RECORDS PROVIDED:
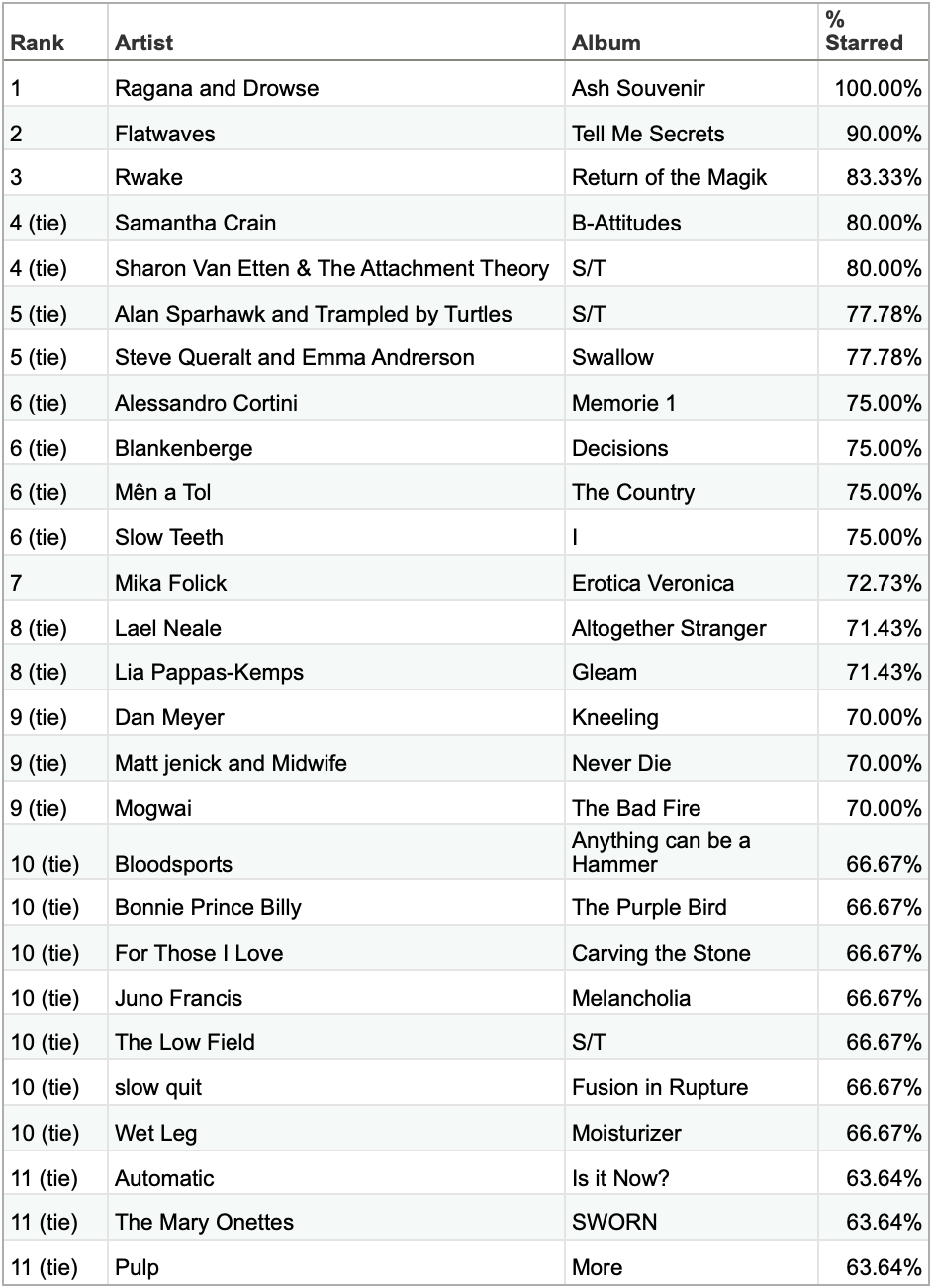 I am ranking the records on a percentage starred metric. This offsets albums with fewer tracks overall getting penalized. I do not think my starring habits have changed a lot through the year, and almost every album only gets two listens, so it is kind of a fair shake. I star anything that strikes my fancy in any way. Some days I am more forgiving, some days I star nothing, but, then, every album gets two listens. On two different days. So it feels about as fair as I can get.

==

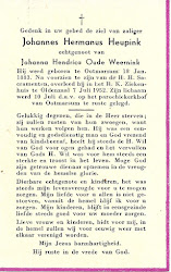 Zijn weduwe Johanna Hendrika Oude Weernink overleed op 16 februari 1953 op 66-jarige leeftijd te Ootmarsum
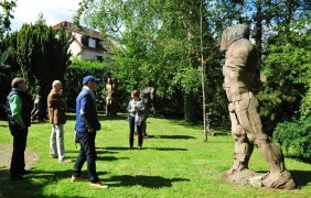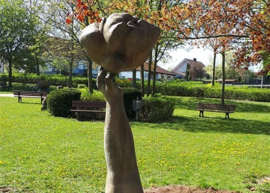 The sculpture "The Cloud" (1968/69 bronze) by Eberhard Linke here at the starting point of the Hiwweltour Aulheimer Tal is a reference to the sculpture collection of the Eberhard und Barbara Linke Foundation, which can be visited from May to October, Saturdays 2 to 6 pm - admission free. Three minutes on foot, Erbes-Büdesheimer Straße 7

WHAT THIS TASK INVOLVES: Using the data above, set down each line from the line with "Zijn weduwe Johanna" to the line with "Erbes-Büdesheimer Straße 7" exactly, both ends included, and leave the pictures behind. Nothing else belongs.

OUTPUT OF THE TASK:
 Zijn weduwe Johanna Hendrika Oude Weernink overleed op 16 februari 1953 op 66-jarige leeftijd te Ootmarsum
 The sculpture "The Cloud" (1968/69 bronze) by Eberhard Linke here at the starting point of the Hiwweltour Aulheimer Tal is a reference to the sculpture collection of the Eberhard und Barbara Linke Foundation, which can be visited from May to October, Saturdays 2 to 6 pm - admission free. Three minutes on foot, Erbes-Büdesheimer Straße 7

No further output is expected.